Passing parameters is simple. You need to add a paramters list to the query.
await scylla.execute(
"INSERT INTO otps(id, otp) VALUES (?, ?)",
[uuid.uuid4(), uuid.uuid4().hex],
)
Queries can be modified further by using Query
class. It allows you to define
consistency for query or enable tracing.
from scyllapy import Scylla, Query, Consistency, SerialConsistency
async def make_query(scylla: Scylla) -> None:
query = Query(
"SELECT * FROM table",
consistency=Consistency.ALL,
serial_consistency=SerialConsistency.LOCAL_SERIAL,
request_timeout=1,
timestamp=int(time.time()),
is_idempotent=False,
tracing=True,
)
result = await scylla.execute(query)
print(result.all())
Also, with queries you can tweak random parameters for a specific execution.
query = Query("SELECT * FROM table")
new_query = query.with_consistency(Consistency.ALL)
All with_
methods create new query, copying all other parameters.
Here's the list of scylla types and corresponding python types that you should use while passing parameters to queries:
Scylla type | Python type |
---|---|
int | int |
tinyint | extra_types.TinyInt |
bigint | extra_types.BigInt |
varint | any int type |
float | float |
double | extra_types.Double |
decimal | decimal.Decimal |
ascii | str |
text | str |
varchar | str |
blob | bytes |
boolean | bool |
counter | extra_types.Counter |
date | datetime.date |
uuid | uuid.UUID |
inet | ipaddress |
time | datetime.time |
timestamp | datetime.datetime |
duration | dateutil.relativedelta |
All types from extra_types
module are used to eliminate any possible ambiguity while passing parameters to queries. You can find more information about them in Extra types
section.
We use relative delta from dateutil
for duration, because it's the only way to represent it in python. Since scylla operates with months, days and nanosecond, there's no way we can represent it in python, becuase months are variable length.
Also, you can provide named parameters to querties, by using name
placeholders instead of ?
.
For example:
async def insert(scylla: Scylla):
await scylla.execute(
"INSERT INTO table(id, name) VALUES (:id, :name)",
params={"id": uuid.uuid4(), "name": uuid.uuid4().hex}
)
Important note: All variables should be in snake_case. Otherwise the error may be raised or parameter may not be placed in query correctly. This happens, because scylla makes all parameters in query lowercase.
The scyllapy makes all parameters lowercase, but you may run into problems, if you use multiple parameters that differ only in cases of some letters.

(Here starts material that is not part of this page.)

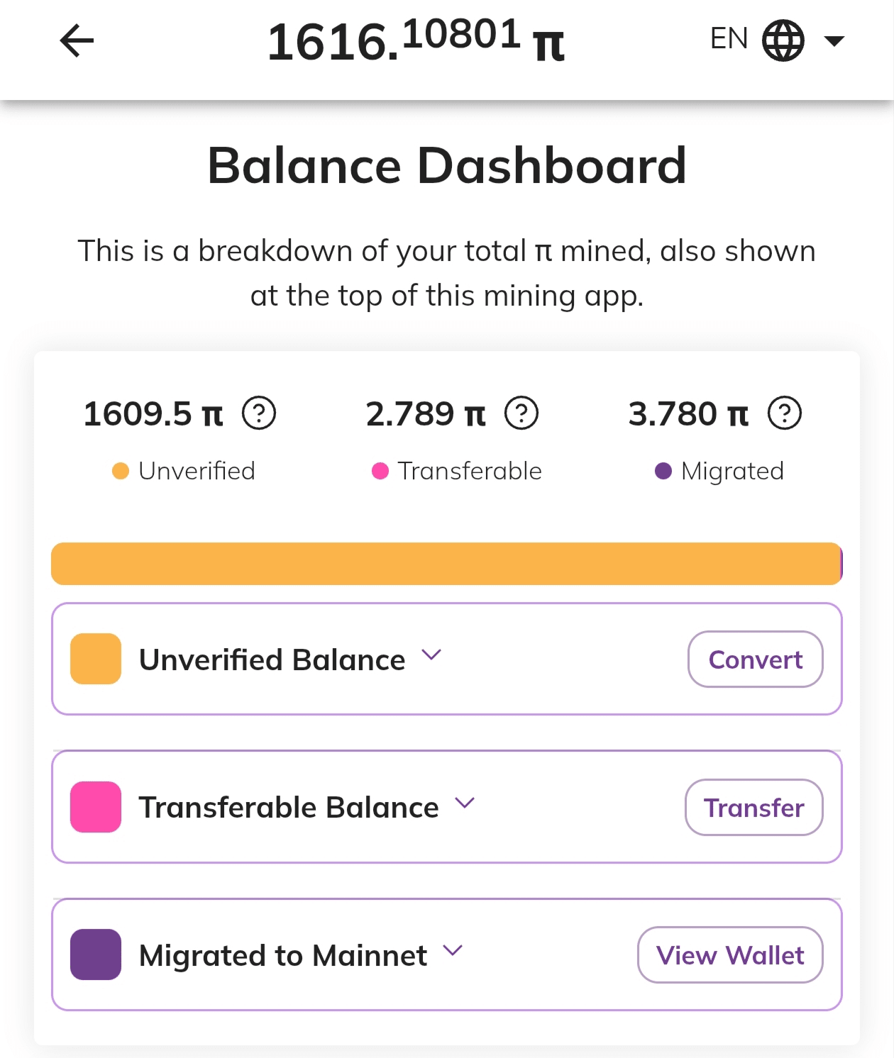 Atualmente, há três elementos: "Pi Transferível", "Pi Não Verificado" e "Pi Migrado". Para minha explicação, "Pi Migrado" não é importante, então eu vou pular.

Also, queries can be prepared. You can either prepare raw strings, or Query
objects.
from scyllapy import Scylla, Query, PreparedQuery
async def prepare(scylla: Scylla, query: str | Query) -> PreparedQuery:
return await scylla.prepare(query)
You can execute prepared queries by passing them to execute
method.
async def run_prepared(scylla: Scylla) -> None:
prepared = await scylla.prepare("INSERT INTO memse(title) VALUES (?)")
await scylla.execute(prepared, ("American joke",))

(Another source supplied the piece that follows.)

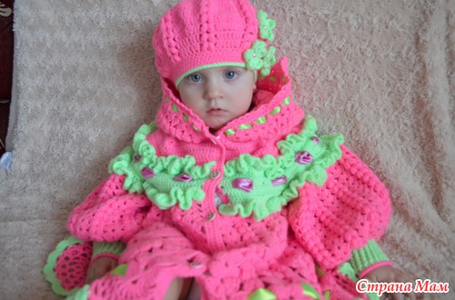 Здравствуйте страномамочки! Вот наконец свое пальто закончила. Нитки 100% акрил, цвета очень ядовитые, но фотик хоть и хороший, а что-то цвет не передал

We support batches. Batching can help a lot when you have lots of queries that you want to execute at the same time.
from scyllapy import Scylla, Batch
async def run_batch(scylla: Scylla, num_queries: int) -> None:
batch = Batch()
for _ in range(num_queries):
batch.add_query("SELECT * FROM table WHERE id = ?")
await scylla.batch(batch, [(i,) for i in range(num_queries)])
Here we pass query as strings. But you can also add Prepared statements or Query objects.
Also, note that we pass list of lists as parametes for execute. Each element of the list is going to be used in the query with the same index. But named parameters are not supported for batches.
async def run_batch(scylla: Scylla, num_queries: int) -> None:
batch = Batch()
batch.add_query("SELECT * FROM table WHERE id = :id")
await scylla.batch(batch, [{"id": 1}]) # Will rase an error!
Sometimes you want to query lots of data. For such cases it's better not to fetch all results at once, but fetch them using pagination. It reduces load not only on your application, but also on a cluster.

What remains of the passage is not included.